To ensure they create an AI engine that works, we suggest that financial institutions consider the following:

  • Data: Before building an AI engine, banks need an abundance of unique data to continuously feed it. For fraud detection, banks need to think beyond the traditional rule-based data sets like login information, customer demographic and personal information. It’s crucial to incorporate less orthodox data sources such as real-time location and consumer behavior data for transactions such as a wire transfer or debit/credit card.

    For instance, in a credit card transaction, the data set should provide a linkage between size, location and device used, as well as time of transaction. This will help the AI engine create a client persona mapped with client behavior. With this information, the bank can assess each operation of a credit card transaction and quickly determine if the transaction is fraudulent. This not only reduces false positives but also helps save billions of dollars for both merchants and customers, alike.

  • Model: AI models process bulk datasets with multiple variables, which helps them identify correlations between client behavior and flag fraudulent actions that might contradict the client persona.

    For example, for wire transfers, banks can leverage smart algorithms to calculate analytic scores based on client personas built uniquely for every customer. The algorithm then traces all transactional movements and flags anomalies. Intelligent algorithms that can detect authentication fraud methodologies will advance accuracy and lower costs for quality assurance. Most importantly, these methodologies help identify bugs more quickly and accurately.

  • Process framework: A framework helps the AI engine adapt to ever-changing fraudster strategies, as well as address multiple specialized components. Each of these components performs a unique role in detecting fraud and can help with investigating suspicious activities.

    For example, quality engineers should validate the AI framework that generates transactional scores by comparing them with a fraud score assigned to an account during a fraudulent activity. This dual-score approach can drastically reduce the number of false positives as well as instances of an oversight by a fraud analyst.

Getting the Right Talent for AI

With changing IT priorities, the role of quality engineering professionals must transcend mere code testing.
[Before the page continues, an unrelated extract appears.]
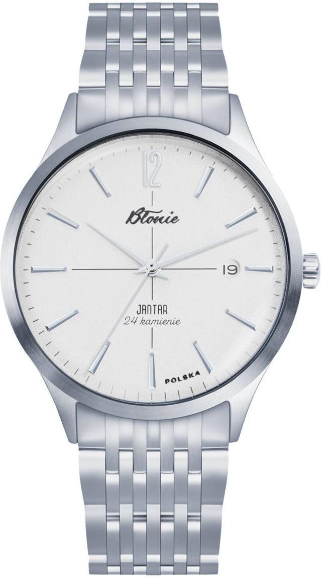 Męski zegarek Błonie Automatyczny JANTAR SZRON jest jednocześnie klasycznie elegancki, ale też posiada własny, rozpoznawalny charakter. Niezwykły czasomierz, który śladem poprzednika (z kolekcji Jantar) wzbudza zachwyt motywem powojennej elegancji i minimalizmem. Od teraz jednak z mniejszą kopertą w rozmiarze 40 milimetrów, która zapewnia harmonijne proporcje na nadgarstku i dodatkowo wpływa na komfort noszenia. Model został stworzony z naciskiem na precyzję zarówno w kwestii estetyki, jak i mechaniki. Każdy ⌚ zegarek Błonie dostarczymy w oryginalnym drewnianym pudełku Błonie i obowiązuje na niego pełna, oficjalna gwarancja. Pamiętaj, iż do zegarka Błonie możesz zamówić bezpłatne grawerowanie napisu okolicznościowego lub swojej osobistej dedykacji. Więcej szczegółów znajdziesz w dedykowanej zakładce Grawerowanie Mechanizm zegarka Błonie : Polski zegarek męski Błonie Jantar Szron to zegarek mechaniczny wyposażony dodatkowo w urządzenie nazywane automatycznym naciągiem. Głównym elementem tego urządzenia jest wahnik. Automatyczny naciąg pozwala wykorzystać naturalny ruch ręki, na której jest noszony zegarek, do nakręcania sprężyny napędowej, dzięki czemu zegarka standardowo nie trzeba nakręcać koronką. Mechanizm automatyczny Miyota 9015 na 24 kamieniach, 42-godzinną rezerwą chodu, 28 800 vph Koperta zegarka Błonie: Mechanizm japoński mieści się w okrągłej, wytrzymałej kopercie kolorze. Koperta wykonana wykonana została ze stali szlachetnej. Wykonanie z wysokiej jakości stopu antyalergicznej stali szlachetnej 316L ochroni Cię przed wystąpieniem alergii skórnych. Dodatkowo stop 316L charakteryzuje się podwyższoną odpornością przed czynnikami zewnętrznymi. Szkło zegarka Błonie: Zegarek wyposażony w szkło szafirowe, które oprócz niezwykłej twardości (stopień 9 w skali Mohsa) charakteryzuje się także odpornością na skrajne różnice temperaturowe i działanie rozpuszczalników. Oprócz tych zalet ma najlepsze właściwości optyczne. Szkło z wysokiej jakości tlenku aluminium. Tarcza zegarka Błonie: Projekt tarczy nawiązuje do modelu limitowanego Jantar poprzez linie, które krzyżują się w centralnym punkcie oraz charakterystyczne indeksy. Znajdziemy tutaj także odświeżony logotyp Błonie, nazwę modelu, minimalistyczny datownik, napis “Polska” oraz liczbę 24 kamieni w mechanizmie. Zminimalizowaniu uległ sekundnik, który został pozbawiony specyficznego czerwonego grotu. Wszystko to na chropowatej powierzchni tarczy o ziarnistej fakturze, która w wyjątkowy sposób współpracuje ze światłem uwydatniając oraz zwiększając czytelność detali w postaci aplikowanych indeksów oraz wskazówek. Jest to cecha najbardziej wyróżniająca czasomierz od jego poprzednika i znacząco wpływająca na jego unikatowość. Bransoleta zegarka Błonie: Wykorzystanie wysokiej jakości stali w bransolecie gwarantuje, że zegarek odporny jest na korozję i uszkodzenia oraz nie powoduje alergii. Stop stali szlachetnej charakteryzuje się optymalna odpornością na korozje. W zegarkach Błonie wykorzystany jest jeden z najlepszych stopów stali 316. Zapięcie zegarka Błonie Standardowe zamknięcie na podwójny zatrzask gwarantuje posiadaczowi tego zegarka, że nie zsunie mu się z ręki nawet w momencie niechcącego otwarcia. Natomiast zamknięcie bransolety odbywa się przez zatrzaśnięcie. Wodoszczelność zegarka Błonie: Zegarek z wodoszczelnością 50m (5 ATM), gwarantuje właścicielowi, że nie musi bać się zachlapań, czyli np. mycia rąk. Oprócz tego w zegarku można się kąpać, pływać na basenie itp. Punktualność - to zaleta charakteru i zasługa dobrego zegarka produkcji Błonie! Błonie to kultywowanie polskiej tradycji zegarmistrzowskiej i przywrócony do życia symbol narodowy. Za projekty wszystkich zegarków odpowiadają młodzi uzdolnieni polscy artyści. Logotyp marki został zrekonstruowany przez polskiego kaligrafa Adama Romualda Kłodeckiego. Chcemy, aby Błonie były nie tylko przywróconą do życia polską marką, ale przede wszystkim zawierały w sobie jak najwięcej polskiego ducha. Wszystkie zegarki Błonie przechodzą trzy-etapową kontrolę. Dodatkowo są indywidualnie kontrolowane w Polsce. Każda sztuka jest dokładnie sprawdzana przez polskiego zegarmistrza, który reguluje precyzję chodu zegarków. Nasza propozycja jest skierowana również do starszego pokolenia. Błonie stanowią idealny prezent dla ojców i dziadków mających w pamięci pierwsze modele kultowych zegarków.

Because of the need for a confluence of varied skills that cut across industries and technologies, quality analysts must work not only as a gatekeeper but also as an orchestrator of quality across the lifecycle.
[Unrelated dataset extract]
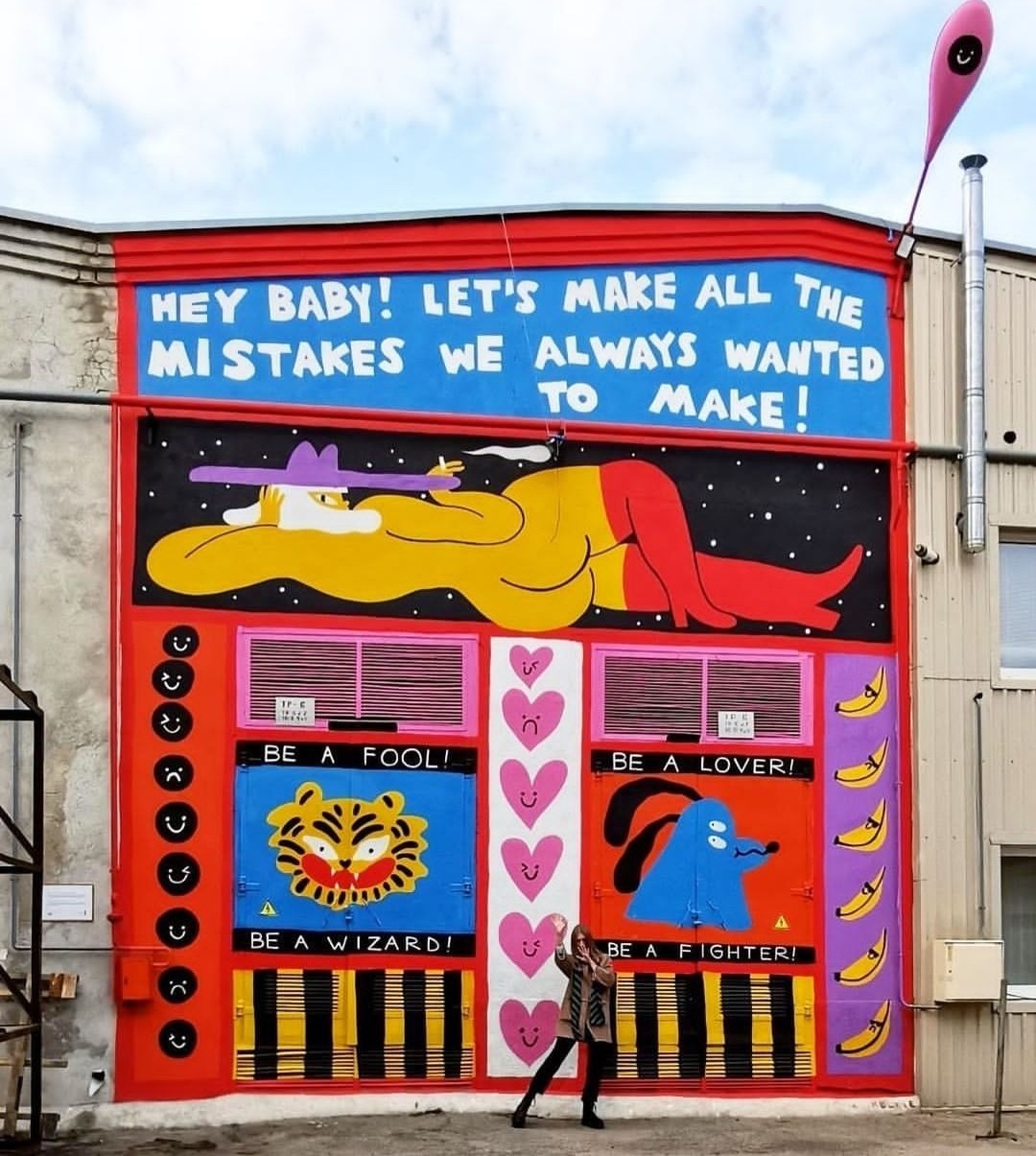β€οΈArtist: #EgleZvirblyte - in City: #Vilnius Lithuania π±πΉ - Title: "Hey baby! Let's make all the Mistakes we always wanted to make! /Hey Baby! Lass uns all die Fehler machen, die wir schon immer machen wollten) - #art #streetart #mastoart #mural

For banks that see AI as a means for bolstering fraud detection, a quality analyst can play the role of a data scientist, an AI model validator and a quality engineering expert with in-depth knowledge of banking norms. One of our clients, a leading financial institution in North America, was onboarding an AI engine for fraud detection. The organization turned to our team of quality analysts who were trained in data analysis, to test and train the AI engine. Together, we reduced data-driven defects by over 40% and cut delivery costs by approximately 20%.

As Banking Changes, So Does QA

With digital, banking is becoming an experience for the end user. It is much more than a transaction. This means that fewer barriers and silos, and the easier flow of data, information and money, should complement the burgeoning fintech-fueled open-API ecosystem.

With the advent of open banking, the unrelenting push toward digital and contactless payments, the emergence of newer non-banking stakeholders (fintechs offering services such as e-wallets) and third-party entities orchestrating banking experiences, more failure points are emerging that can be exploited by malicious actors.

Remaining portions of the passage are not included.